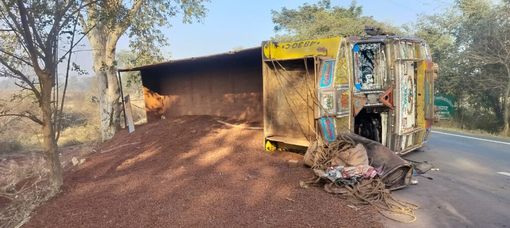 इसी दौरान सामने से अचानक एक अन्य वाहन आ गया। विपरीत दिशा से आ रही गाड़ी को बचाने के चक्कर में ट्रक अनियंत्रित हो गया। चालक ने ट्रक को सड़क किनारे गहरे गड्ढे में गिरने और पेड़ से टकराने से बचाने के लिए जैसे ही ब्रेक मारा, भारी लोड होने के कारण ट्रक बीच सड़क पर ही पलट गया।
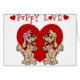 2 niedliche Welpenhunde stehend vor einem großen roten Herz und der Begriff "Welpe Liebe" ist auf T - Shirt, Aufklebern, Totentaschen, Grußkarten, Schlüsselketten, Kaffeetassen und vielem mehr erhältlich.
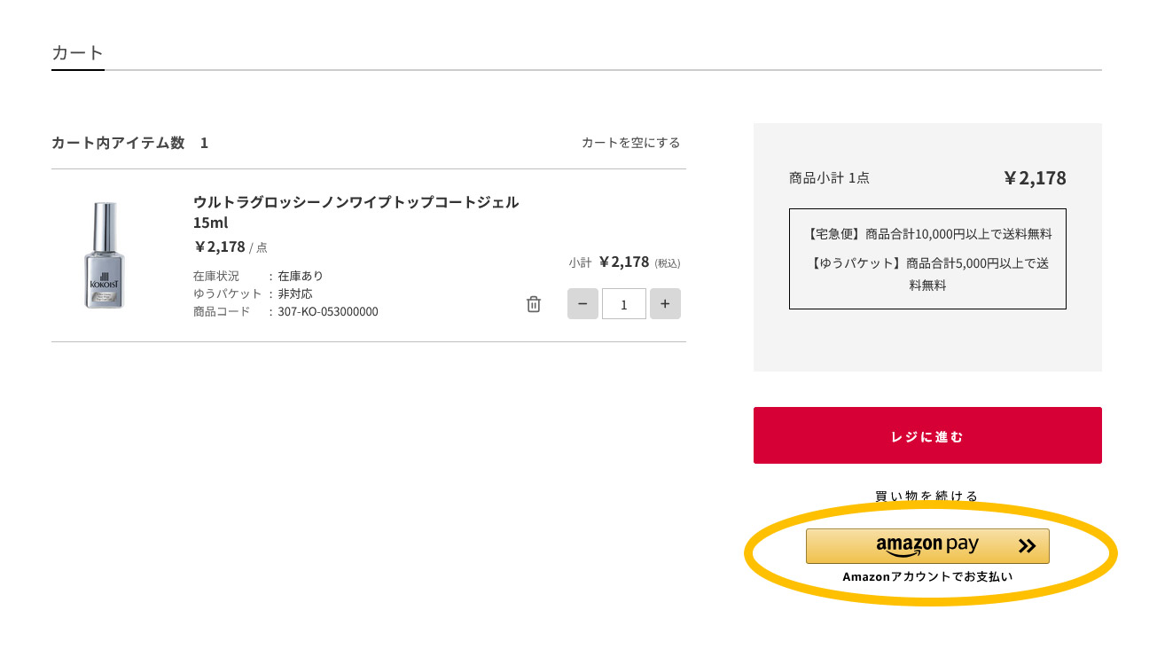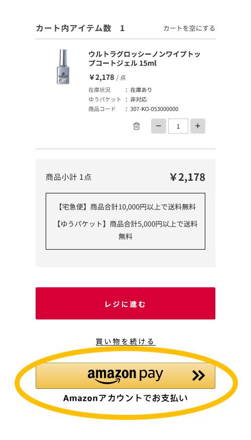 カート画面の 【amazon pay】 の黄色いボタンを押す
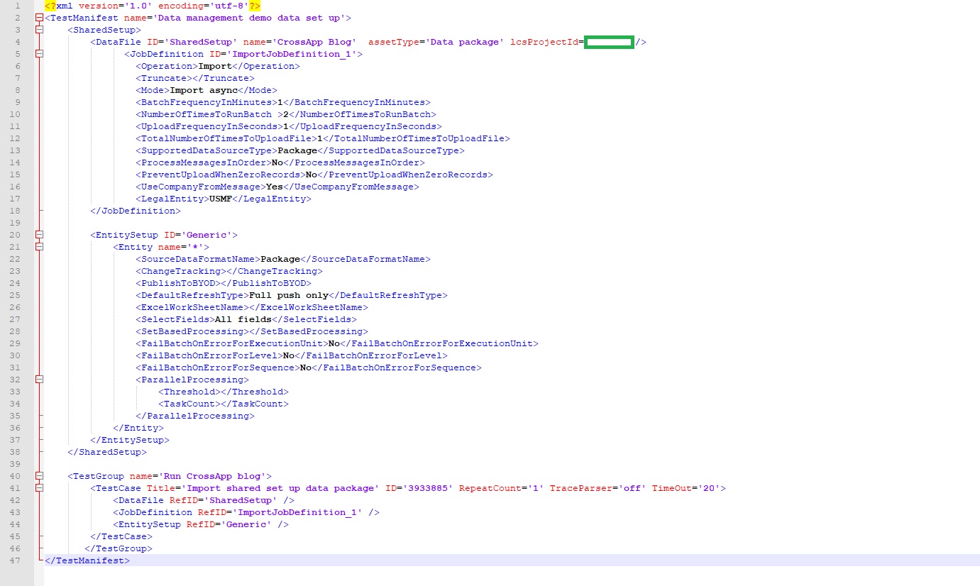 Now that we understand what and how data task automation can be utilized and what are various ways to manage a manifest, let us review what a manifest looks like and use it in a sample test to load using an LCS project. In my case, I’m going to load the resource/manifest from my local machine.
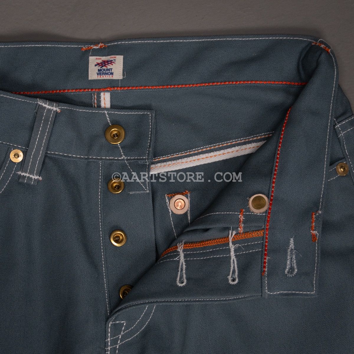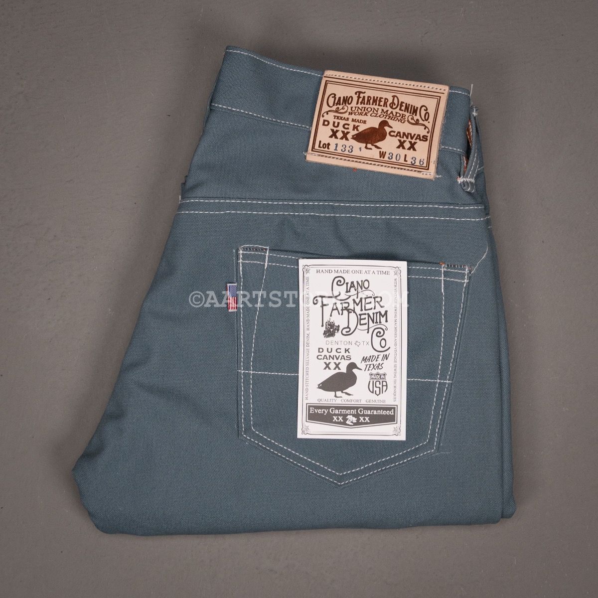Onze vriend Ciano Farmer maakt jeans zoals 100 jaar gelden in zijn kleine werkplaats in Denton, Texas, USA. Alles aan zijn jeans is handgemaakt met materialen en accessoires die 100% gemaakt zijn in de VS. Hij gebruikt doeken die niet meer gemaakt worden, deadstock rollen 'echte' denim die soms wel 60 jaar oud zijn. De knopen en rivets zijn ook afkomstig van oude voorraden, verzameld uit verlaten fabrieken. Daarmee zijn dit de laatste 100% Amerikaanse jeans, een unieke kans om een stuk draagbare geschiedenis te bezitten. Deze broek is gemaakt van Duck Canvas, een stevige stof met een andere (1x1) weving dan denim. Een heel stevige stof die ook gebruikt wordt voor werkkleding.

----------

• _The problem_: Without the pictures, write out the entire listing exactly.

• _Answer box_:
 इसी दौरान सामने से अचानक एक अन्य वाहन आ गया। विपरीत दिशा से आ रही गाड़ी को बचाने के चक्कर में ट्रक अनियंत्रित हो गया। चालक ने ट्रक को सड़क किनारे गहरे गड्ढे में गिरने और पेड़ से टकराने से बचाने के लिए जैसे ही ब्रेक मारा, भारी लोड होने के कारण ट्रक बीच सड़क पर ही पलट गया।
 2 niedliche Welpenhunde stehend vor einem großen roten Herz und der Begriff "Welpe Liebe" ist auf T - Shirt, Aufklebern, Totentaschen, Grußkarten, Schlüsselketten, Kaffeetassen und vielem mehr erhältlich.
 カート画面の 【amazon pay】 の黄色いボタンを押す
 Now that we understand what and how data task automation can be utilized and what are various ways to manage a manifest, let us review what a manifest looks like and use it in a sample test to load using an LCS project. In my case, I’m going to load the resource/manifest from my local machine.
Onze vriend Ciano Farmer maakt jeans zoals 100 jaar gelden in zijn kleine werkplaats in Denton, Texas, USA. Alles aan zijn jeans is handgemaakt met materialen en accessoires die 100% gemaakt zijn in de VS. Hij gebruikt doeken die niet meer gemaakt worden, deadstock rollen 'echte' denim die soms wel 60 jaar oud zijn. De knopen en rivets zijn ook afkomstig van oude voorraden, verzameld uit verlaten fabrieken. Daarmee zijn dit de laatste 100% Amerikaanse jeans, een unieke kans om een stuk draagbare geschiedenis te bezitten. Deze broek is gemaakt van Duck Canvas, een stevige stof met een andere (1x1) weving dan denim. Een heel stevige stof die ook gebruikt wordt voor werkkleding.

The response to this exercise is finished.